Jewel’s Treatises contain nothing groundbreaking to those who know the Protestant tradition. But there is a clarity within the subject matter that makes these treatises worth introducing to any Protestant seeking to be schooled in or reminded of the tradition’s foundations. Anglicans are not alone in their emphasis on Word and Sacrament, yet are terrible students of their own history. To this end, the staunch evangelical Anglican and the staunch Anglo-Catholic would find themselves equally chastened by this distinctly Anglican approach to the subject matter. Jewel’s comprehensive use of the scriptural and patristic witness condemns those of us in a rootless, distracted age who struggle to be students of anything. We are adrift and untethered, fabricating history, ecclesiology, and theology seemingly on the fly. If we are to renew our foundations, to see through the veil of darkness and be led into the truth, we must return to the Scriptures, and do so in a manner guided by the wisdom of our fathers in the faith. Jewel’s Treatises then, are an exemplary guide for all of us currently adrift on the tides of our historical situation.


Rev.
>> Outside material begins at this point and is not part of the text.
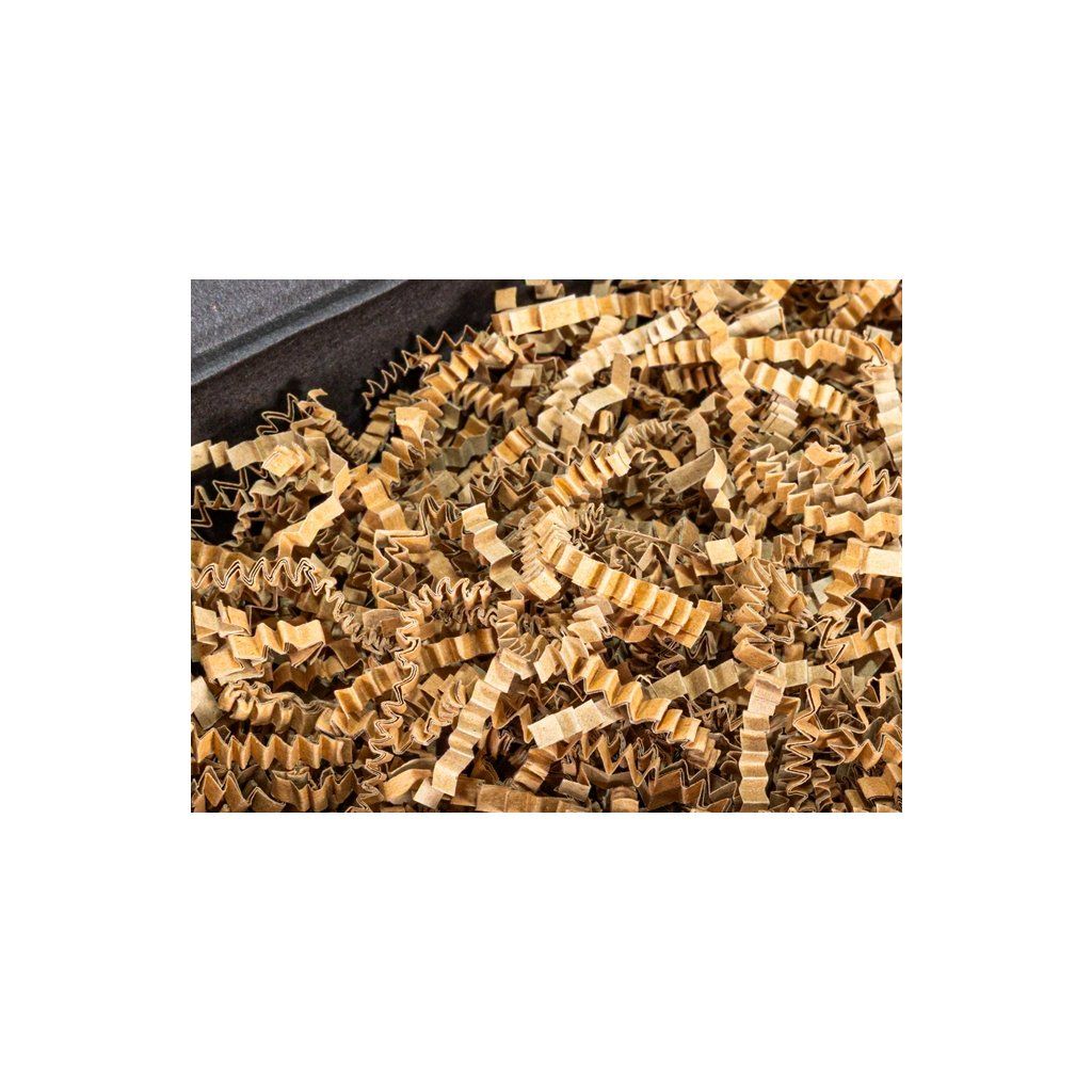 Papierová výplň do krabíc – Eko Kraft, hnedá je prírodný a ekologický výplňový a dekoračný materiál vyrobený z narezaných a skrútených papierových hárkov. Najčastejšie sa využívajú na vyplnenie prázdnych priestorov v prepravovaných balíkoch. Papierová výplň je ľahká a nemá výrazný vplyv na hmotnosť zásielky.

Gavin McAdam is a graduate of Wycliffe College Toronto, and a priest in the Episcopal Diocese of Dallas where he serves as curate of St. Mark’s in Irving, Tx.


  1. I take great pains to make this point because there is a stream of thought predominant in some contemporary Anglican circles which seeks to hold up the 16th-17th centuries as constitutive of Anglican identity writ large. That this is not the case historically or currently should be evident in the near complete obscurity of figures like John Jewel. This is not enough to disregard someone like Jewel and there are reasons to read him, yet we are afflicted in this age with a sort of nostalgia which has trouble reckoning with the nuances of history. Also, I utilize ‘reformations’ as plural here as history demonstrates that to speak of a ‘reformation’ inadequately conveys the complexities within these events.

  2. For the sake of this article and my own ecumenical sensibilities, the word Anglican/Anglicanism here will be inclusive of those who are in historic ties of communion with the See of Canterbury as well as those who have gathered under newer alternative forms of communion. This is not a play at partisanship, but an attempt to place boundaries on the use of language.